Ульяна Достоевская порождалась светом из тьмы вместе с ресторанным столиком, за которым она располагалась, а что таил полумрак позади нее, так разглядеть и не удавалось — не то сауна, не то замедленная нудистская дискотека, не то… Но Ульяна не позволяла надолго отвлекаться. В первый миг вылитая советская кукла, что закрывала глаза и нежно квакала, когда ее укладывали на спину, воплощенная невинность, — носик уточкой, алые губки пуговкой, — она начинала медленно наводить на невинные глазки загадочный прищур, одновременно растягивая младенческие губки в двусмысленнейшую порочную ухмылку, покуда на экране не возникала прожженная шлюха в глубоком декольте, в котором при малейшем движении колыхались две дыньки-«колхозницы». Не сводя со зрителя влекущего взора, она медленно раскрывала кукольный ротик и сладострастно вводила в него розовое эскимо, а затем еще более сладострастно выводила.
И так несколько раз подряд. Затем эскимо откладывалось и начинался «свободный разговор о свободном сэксе» — постреливающие глазки и полизывающий язычок неустанно напоминали, что мадам Достоевская хотела бы сказать гораздо больше того, что ей дозволяет современное ханжество, но она надеется, что зрители это понимают и сами.

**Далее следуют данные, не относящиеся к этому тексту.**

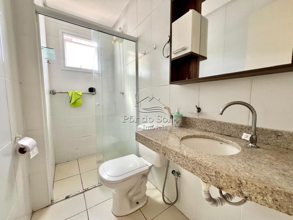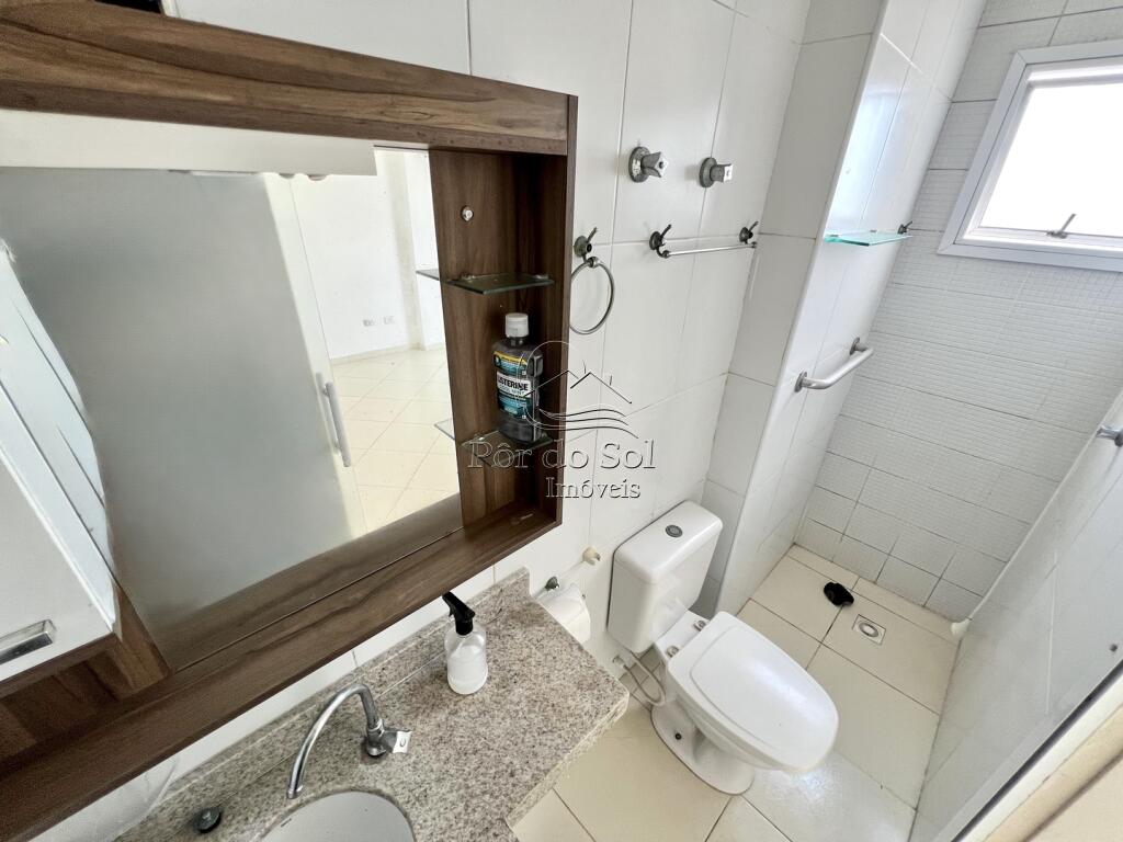 Apartamento com 2 dormitórios (sendo 1 suíte), sacada gourmet com vista mar permanente, sala para 2 ambientes, cozinha americana com armários planejados, banheiro social, área de serviço e 1 vaga de garagem.

— Егор и Людмила заметили, что их сэксуальная жизнь теряет новизну, — кончик язычка проходится по губкам, складывающимся в особенно двусмысленную улыбку. — Но они сумели сделать свое семейное гнездышко местом увлекательнейших игр. Сейчас они их нам покажут.
Егор и Людмила, на удивление унылые и необаятельные, бредут к зеркальному шкафу, внутри которого обнаруживаются свисающие кандалы. Егор угрюмо стаскивает с супруги кофточку (она терпеливо, будто корова перед дояркой, ждет, пока обнажится ее жирная спина), растягивает ее обвисающие дряблые руки кандалами в проеме шкафа, напяливает себе на одутловатую голову черную кожаную маску и начинает пошлепывать немолодую Людмилу какой-то мухобойкой, приводя на память старый анекдот, как советский служащий подбил жену устроить домашний стриптиз: «Правильно говорил парторг — отвратительное зрелище».

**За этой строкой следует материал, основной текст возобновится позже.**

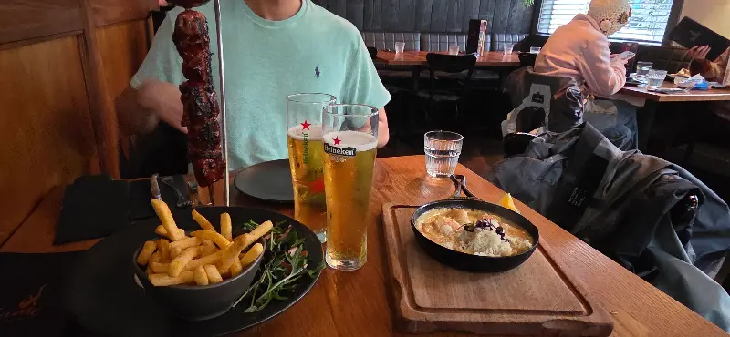 메뉴 선택에 고민이 많았지만, 여러 리뷰를 참고하여 양꼬치(Lamb Skewer)와 새우 라이스(Moz Prawns)를 주문했다. 먼저 등장한 양꼬치는 겉은 바삭하고 속은 촉촉한 완벽한 조화를 이루었다. 양고기 특유의 냄새는 전혀 느껴지지 않았고, 입안에서 살살 녹는 듯한 부드러운 식감이 일품이었다. “양고기는 양 냄새가 정말 안 나는 편이고, 너무 맛있어요.”라는 리뷰처럼, 양고기를 즐기지 않는 사람도 부담 없이 먹을 수 있을 것 같았다.
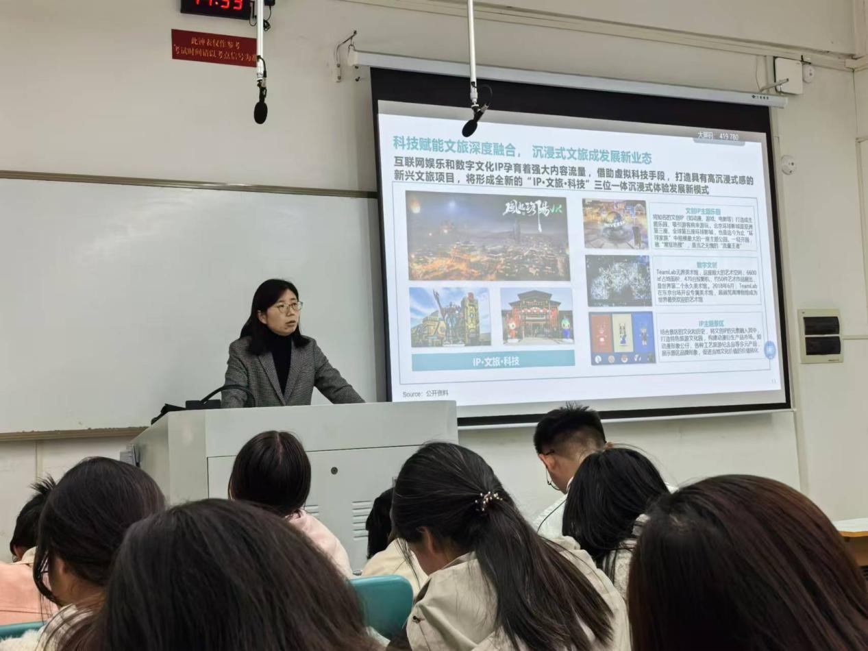 焦珊珊老师以感性视角为起点,引领学生深入探究文旅产业的发展轨迹及其现状。焦老师特别指出,文旅产业不仅限于旅游业的范畴,而是涵盖了文化、艺术、娱乐等多个领域。她通过展示故宫文创、西湖夜游等国内知名文旅项目,生动诠释了文旅产业如何通过创新与融合,有效吸引游客并提升其体验质量。

— Теперь семейная жизнь Егора и Людмилы течет гораздо увлекательнее, — мадам Достоевская вновь вводила в ротик сладострастное эскимо, а Сима, если она оказывалась рядом, начинала выходить из себя:
— А где их дети?!. Она что, считает, что семья существует для сэкса?!.
Почему, не только. Денис, например, с Аллой еще и возделывают дачный участок. Но, чтобы дело шло повеселее, они включают туда садомазо: широконосая скуластая Алла изображает надзирательницу в концлагере, ударами плетки-многохвостки подгоняющую Дениса по тощим волосатым ягодицам (о надетых стрингах свидетельствует лишь поясок на пояснице).

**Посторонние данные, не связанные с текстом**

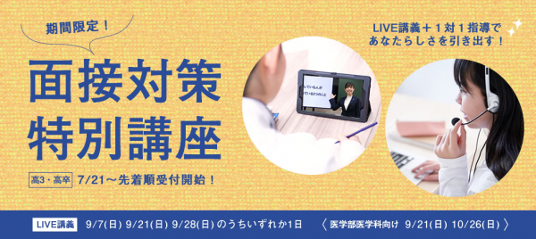 大学受験予備校「四谷学院」(運営:株式会社四谷学院、本社:東京都新宿区、代表取締役:植野 治彦)は、2025年9月より、大学の推薦入試(総合型選抜等)、および医学部をはじめとする二次試験において面接が課される受験生を対象とした「面接試験特別講座」を開講いたします。
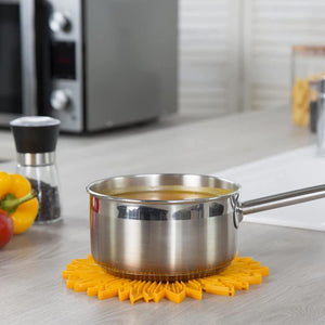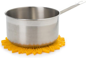 Protect counters and surfaces from hot pots and pans with this Charles Viancin sunflower trivet. Made from silicone, this trivet features a yellow sunflower design. It is ideal for a variety of uses in the kitchen. Even better, it is top-rack dishwasher safe.

Сэкс уместен всюду — Никита и Маргарита скрашивают будни при помощи регулярных осмотров в гинекологическом кресле (виден блеск и слышен лязг нержавеющих вагинальных расширителей). А Геннадий стимулирует Зару вибратором при помощи дистанционного управления во время производственных совещаний в офисе (искусственный пенис в ее руке вращает безглазой головкой, словно змееныш-искуситель, наказанный слепотой).
Сэксу все возрасты покорны, а он покорен им. Компания плешивых и седовласых пенсионеров и пенсионерок возится на матрасном ринге неразличимым клубом (он так и называется — клуб «Мафусаил»), а Ульяна Достоевская, облизываясь, разъясняет, что в этом возрасте нельзя забывать о безопасности: аппарат для измерения давления, сердечно-сосудистые средства должны прилагаться к виагре, да и скорая медицинская помощь должна оставаться в шаговой доступности.
Одиноким предоставляется резиновая женщина, обращению с которой госпожа Достоевская учит, облизываясь особенно сочно: не подмажешь, не поедешь.
Такой же нежности и заботы требует презерватив, а для приверед, коим его натягивание кажется недостаточно романтичным, рекомендуются кондомы, расписанные тюльпанами и даже светящиеся голубым и розовым.
— Свет и во тьме светит, — игриво завершила Достоевская и погрузила эскимо в свой миниатюрный ротик с особенным сладострастием.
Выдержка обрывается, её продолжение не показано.